The Harper government’s anti-terrorism bill has a new opponent: The Firefox web browser.
The Mozilla project, the open-source software community behind the Firefox browser, has issued a statement urging the federal government not to go ahead with Bill C-51.
The bill’s move to broadly expand information sharing between governments and give new powers to Canada’s intel agencies will “undermine user trust, threaten the openness of the Web, and reduce the security of the Internet and its users,” Mozilla internet policy director Jochai Ben-Avie said in a statement published on the Mozilla blog.
“C-51 is sweeping in scope, including granting Canadian intelligence agencies CSIS and CSE new authority for offensive online attacks, as well as allowing these agencies to obtain significant amounts of information held by the Canadian government,” Ben-Avie wrote.
He argued the broad nature of information-sharing between government agencies would erode trust in government, and described the Canadian bill as “even more concerning” than the controversial CISA bill making its way through the U.S. Congress.

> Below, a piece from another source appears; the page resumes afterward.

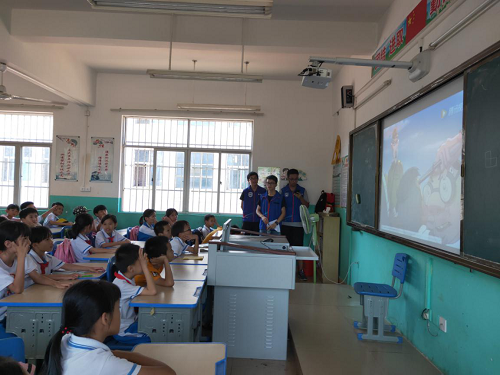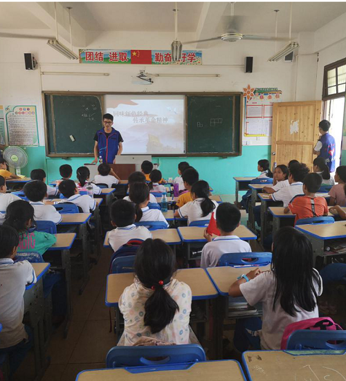 支部成员们在下午14:30从海南大学北门乘坐大巴出发,前往大林小学。海南的四月,虽然天气异常炎热,党员们却热情不减。在课堂上,支部成员们首先通过有奖知识竞答的方式,生动有趣地为同学们介绍了什么是红色精神、五四爱国运动、红色经典与革命精神,随后播放了相关的视频引导同学们一起探讨学习。支部成员们共同表演了以“五四爱国运动”为主题的话剧,再一次带领大家体会这场具有里程碑意义的革命运动中,爱国青年们勇于奉献,不怕流血牺牲的伟大精神!
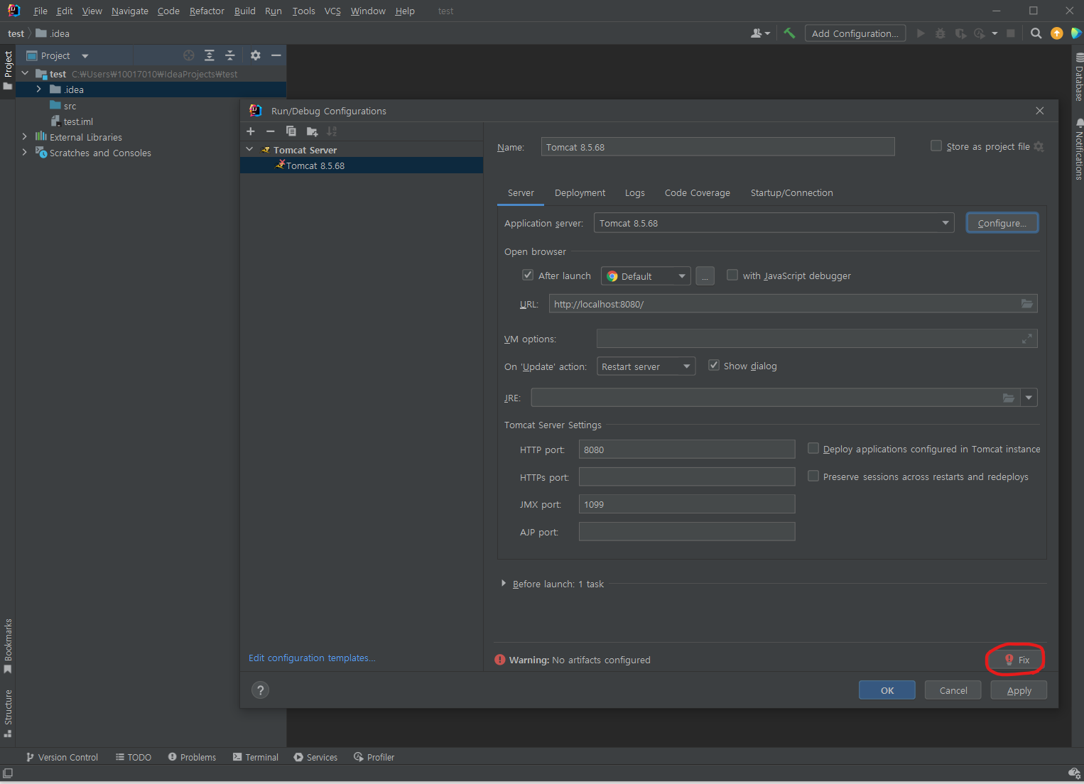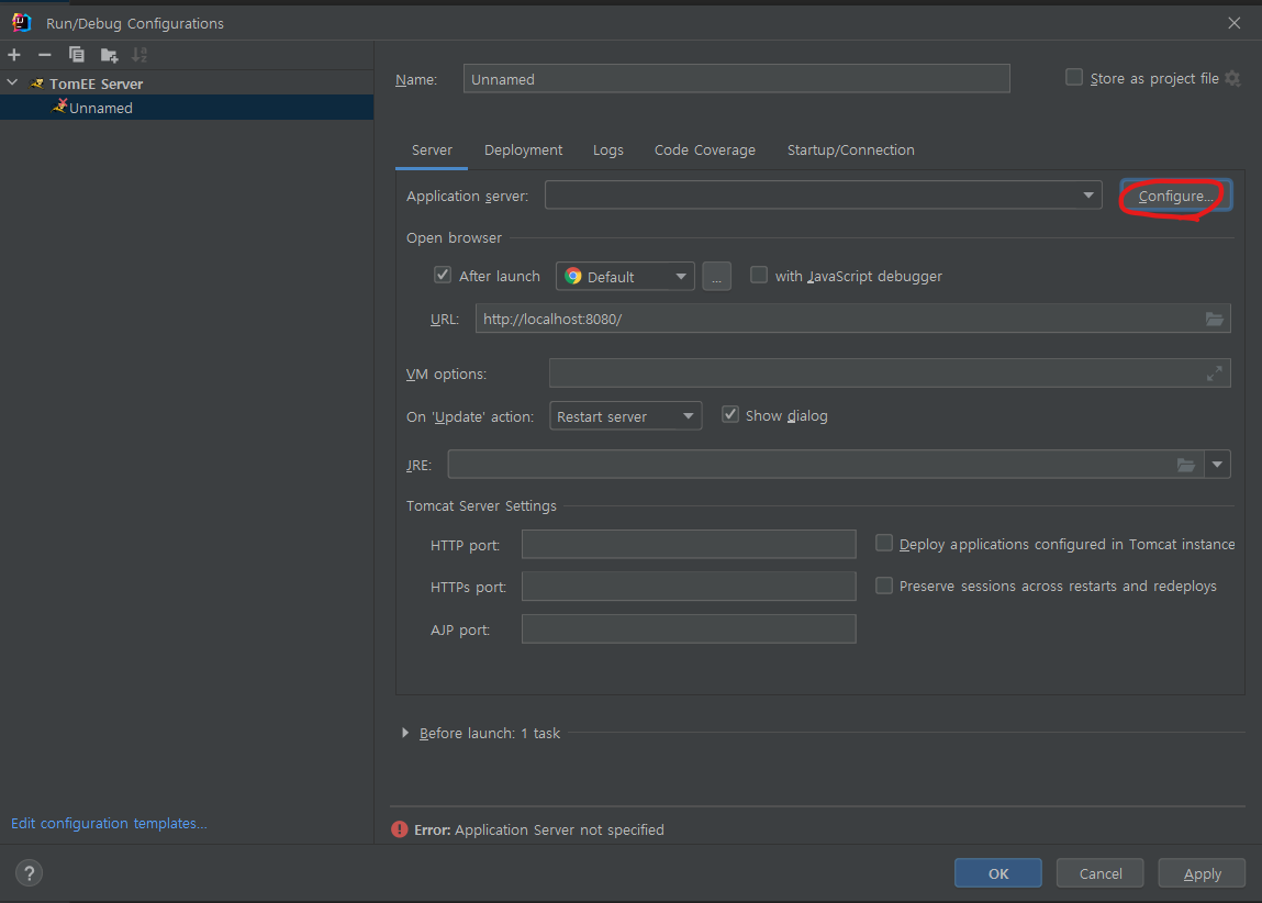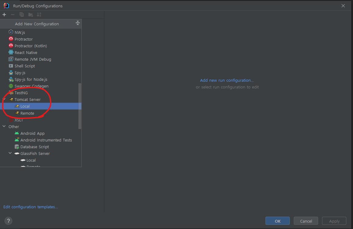 Tomcat Server Local로 선택

Since it was tabled, Bill C-51 has slowly gained numerous opponents concerned about a lack of oversight of intelligence agencies under the bill, as well as numerous privacy and civil liberties issues.
Opponents of the bill have included some allies of the Harper government, including the National Firearms Association and even a Tory MP -- Michael Chong -- who is concerned about the bill’s lack of parliamentary oversight of intelligence agencies.
The Canadian Bar Association last week came out against the bill, arguing it contains “ill-considered” measures that erode Canadians' civil liberties without making them safer.
The bill’s “vague and overly broad” language means it could be used to harass protesters and put a chill on legitimate dissent, the group said.
For these reasons, aboriginal groups have also come out against the bill.
Green Party Leader Elizabeth May has been among the most vocal opponents of the bill, along with the NDP. The Liberal Party under leader Justin Trudeau has backed the legislation.